À la lecture de ces données, on constate que la lourde machine du développement professionnel continu s’est mise en marche tant du côté de l’offre de formation que de celui des participants. La profession n’était pourtant pas acquise à ce DPC qui allie l’approfondissement et l’acquisition des connaissances à l’analyse de la pratique. Ce n’était pas le principe en lui-même qui rebutait. Dès le départ, le système était critiqué parce qu’il était imposé et parce qu’il prenait la place d’une formation continue organisée et gérée par la profession. Mais aussi parce qu’il est complexe à gérer. Les organismes de formation en font d’ailleurs l’expérience. Tous témoignent d’un vrai parcours du combattant : énormité et complexité du dossier à remplir, déclarations d’intérêt à n’en plus finir, lenteur des allers-retours avec l’organisme gestionnaire, l’OGDPC, qui ne fonctionne que par Internet… La liste des obstacles est longue. S’y ajoutent les contraintes liées à l’organisation de chaque session et à la gestion des questionnaires d’analyse des pratiques… Financièrement enfin, l’organisme de formation doit patienter plusieurs mois, jusqu’à ce que les participants aient rempli leur programme de DPC en entier, pour recevoir le règlement de la session par l’OGDPC.

Rester en dehors…

Face à ces difficultés, de petites structures ont jeté l’éponge. « Pour notre association locale de formation continue, le DPC est pour l’instant impossible à mettre en route », explique Bernard Lapostolle, responsable de l’ADFOC* des Pays de Savoie. En effet, comment recruter une personne pour gérer toutes les questions administratives alors que l’association ne compte que des bénévoles ? Par ailleurs, il est bien difficile d’obtenir des praticiens qu’ils s’inscrivent 2 mois avant la formation pour lancer un questionnaire et compiler les réponses ! Cette ADFOC a donc choisi de continuer à proposer 3 séances annuelles hors DPC en mettant toujours plus l’accent sur la qualité de ses journées.

… ou sauter le pas

D’autres ont sauté le pas dès le lancement. Parallèlement à ses journées classiques, Les Rendez-Vous Formation du syndicat des chirurgiens-dentistes de Vendée a organisé, dès 2013, 2 programmes de DPC sur l’orthodontie et la céramique. « Le DPC est une bonne démarche. C’est pourquoi, malgré les aspects administratifs et réglementaires qui peuvent apparaître rédhibitoires, nous avons organisé ces journées », explique la responsable de l’association vendéenne, Marie-Aimée Le Clézio, qui n’a pas ménagé son temps pour mettre en place les programmes avec l’appui d’une secrétaire à mi-temps. Cette jeune praticienne de 34 ans fait partie des quelques chirurgiens-dentistes « avertis ». Elle a participé à une expérience d’évaluation des pratiques professionnelles avec un groupe de chirurgiens-dentistes vendéens sous l’égide de la Haute Autorité de santé et l’ADF, et a aussi suivi 2 séminaires de la Haute Autorité de santé sur la méthodologie de l’amélioration de la pratique. Ce bagage l’incite à choisir avec soin le thème des programmes de DPC. « Tous ne s’y prêtent pas. Il existe de très bonnes techniques actuelles mais il n’y a pas de références scientifiques qui permettent un recul », remarque Marie-Aimée Le Clézio, qui s’attache à la distinction entre un DPC qui « concerne la pratique quotidienne au cabinet susceptible d’être optimisée » et les autres formations.

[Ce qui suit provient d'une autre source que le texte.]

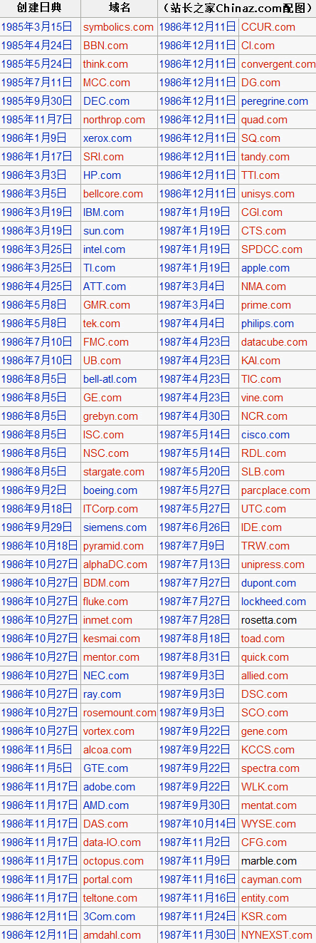 歷史上第一個.com域名的誕生是在1985年。當時個人電腦操作系統主要還是使用MS-DOS3.0操作系統,而剛剛成立的“戴爾” 的公司正準備發布它的第一款個人電腦“TurboPC”。1985年3月15日,symbolics.com注冊成為第一個.com域名。經營這個網站的公司是一家電腦制造商。Symbolics最初的所有者在90年代初宣布破產,后來的所有者繼續運營著這個網站。這也就是說symbolics.com是目前互聯網上最古老的運營中.com 域名,不過這個網站現在的界面還是非常簡單,就像1985年剛創建的時候那樣。其他的比較著名的早期域名包括1986年3月3日注冊創建的 hp.com(惠普域名),1986年3月19日創建的ibm.com(IBM域名),1986年4月25日創建的att.com(AT&T域名)等。

Quelques facultés ont aussi proposé des programmes DPC dès les premiers mois. À Toulouse, après le succès d’une première session conjointe avec les radiologues en mars 2013, la faculté propose 4 sessions au cours du premier semestre de 2014. Chaque programme se compose d’une journée présentielle autour d’un thème. Et la faculté offre la journée « ateliers » qui suit.

Une fréquentation encore timide

Pour les grands organismes de formation, entrer dans l’ère du DPC est incontournable. L’UNAFOC*, jusqu’alors très investie dans la formation continue conventionnelle, a proposé l’an dernier 14 séances de DPC (douleur, gériatrie, cancer des voies aéro-digestives supérieures, prothèse, gestion de cabinet, parodontie, troubles musculo-squelettiques). Leur fréquentation a déçu. Elles n’ont attiré que 60 % des participants aux séances conventionnelles précédentes. « Les confrères se sont méfiés du DPC qui a d’ailleurs souffert dès le départ d’une très mauvaise communication. Certains ont pensé que la méthode ne passerait pas l’année. Et puis, ils ont eu la sensation d’être mis sous tutelle par ce système », analyse le responsable de l’UNAFOC, Jean-François Largy, qui estime cependant qu’il est encore trop tôt pour faire un bilan. En 2014, pas moins de 40 sessions sont proposées.

Des grandes conférences…

La SOP* s’est, elle aussi, lancée dans l’aventure du DPC en organisant 4 journées présentielles dès l’an dernier. « Nous sommes rentrés facilement dans le format du DPC qui n’est pas très différent de ce que nous faisions sans nous en rendre compte. Nous sommes habitués à notre public » explique le président de la SOP, Bernard Schweitz, qui n’a pas changé les méthodes de travail en amont de chaque séance. Jusqu’à 3 réunions préparatoires sont organisées avec chaque conférencier. Les séances sont ouvertes à tous les praticiens, qu’ils suivent ou non un parcours DPC. À la séance de janvier, 20 % en suivaient un.

Pour le président de la SOP, « le vrai potentiel du DPC est à rechercher dans les nouvelles formes d’enseignement dont nous n’avons pas l’habitude ».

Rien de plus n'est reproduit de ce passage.